Reproduzo o «sugestivo caminho» ao canibalismo legal proposto por Gorzhaltsan segundo as categorias de aceitação de Overton (negritos meus, redação original).
Primeira etapa: do impensável ao radical
Atualmente, é claro, a questão da legalização do canibalismo se encontra no nível mais baixo de aceitação na «janela de possibilidades» de Overton, já que a sociedade o considera um fenômeno absurdo e impensável, um tabu.
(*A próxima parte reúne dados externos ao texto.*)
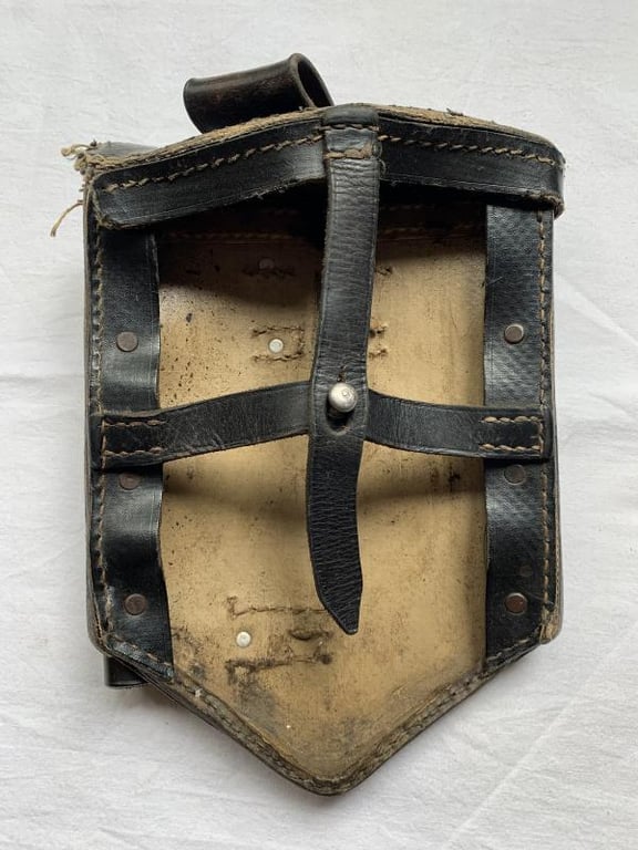 In nice used condition a Folding Shovel Carrying Case, 1st Model which is nicely maker marked 'A. Fischer Berlinc 2' and dated '1940'.

Para mudar essa percepção, pode-se, amparando-se na
liberdade de expressão, transferir a questão à
esfera científica, pois para os cientistas normalmente não há temas tabus. Portanto, é possível celebrar, por exemplo, um simpósio etnológico sobre rituais exóticos das tribos da Polinésia e discutir a história do tema de estudo e obter declarações autorizadas sobre o canibalismo, garantindo, assim, a transição da atitude negativa e intransigente da sociedade a uma atitude mais positiva.
Ao mesmo tempo, é preciso
criar algum grupo radical de canibais, embora exista só na Internet, que seguramente será notado e citado por numerosos meios de comunicação. Como resultado da primeira etapa de Overton, o tabu desaparece e o tema inaceitável começa a ser discutido.
Segunda etapa: do radical ao aceitável
Nesta etapa, é preciso continuar citando os cientistas, argumentando que
ninguém pode negar-se a ter conhecimentos sobre o canibalismo, já que se alguém se negar a falar disso será considerado um hipócrita intolerante.
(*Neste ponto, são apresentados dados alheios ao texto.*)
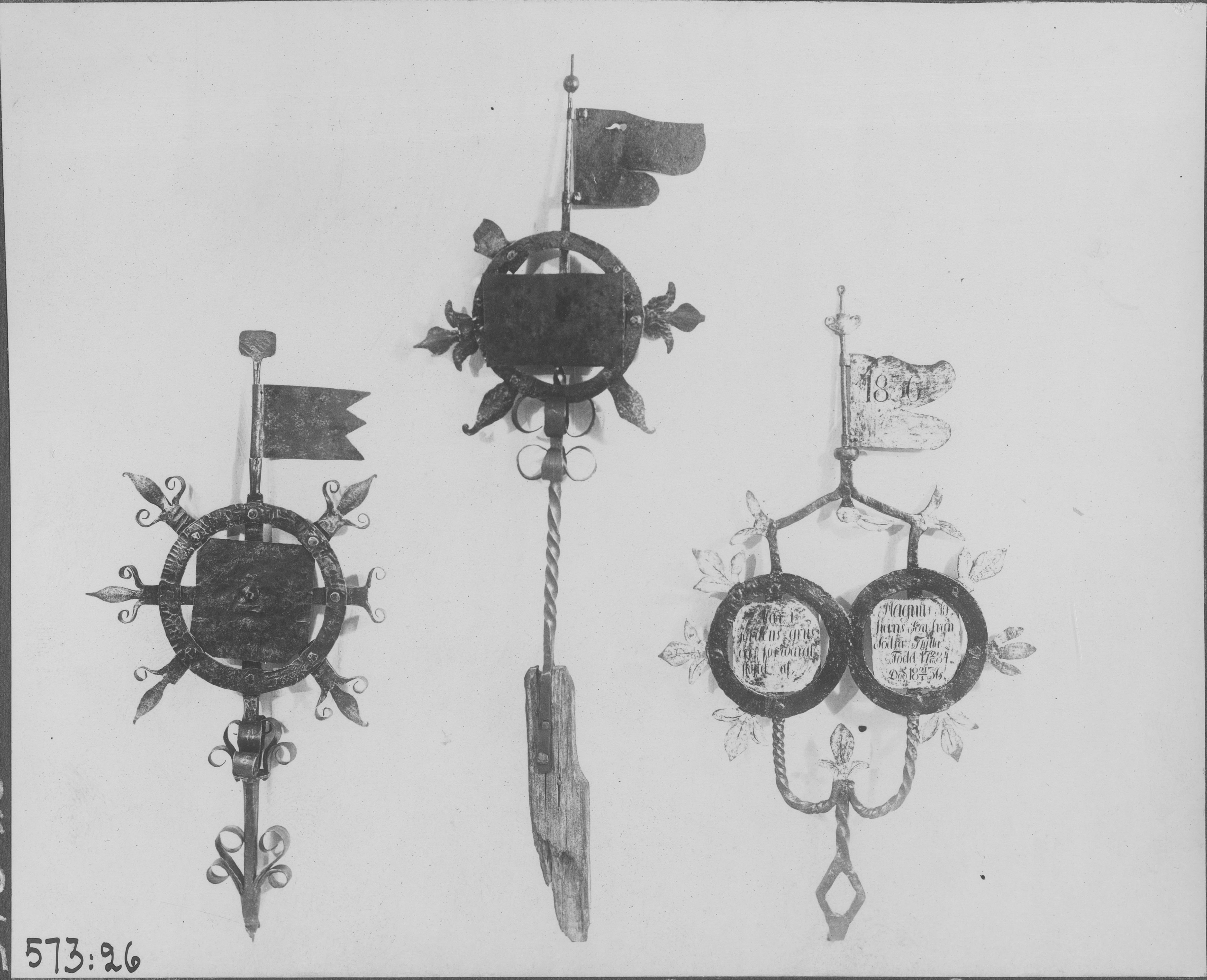 Beskrivning: Gravvårdar av smidesjärn från 1700- och 1800-talen. Efter konservering.

Ao condenar a intolerância, também é necessário
criar um eufemismo para o próprio fenômeno, para dissociar a essência da questão de sua denominação, separar a palavra de seu significado. Assim, o canibalismo se converte em ‘antropofagia’ e, mais tarde, em «antropofilia».
Paralelamente, se pode criar um
precedente de referência, histórico, mitológico, contemporâneo ou simplesmente inventado, mas o mais importante é que seja legitimado, para que possa ser utilizado como prova de que a antropofilia pode, em princípio, ser legalizada.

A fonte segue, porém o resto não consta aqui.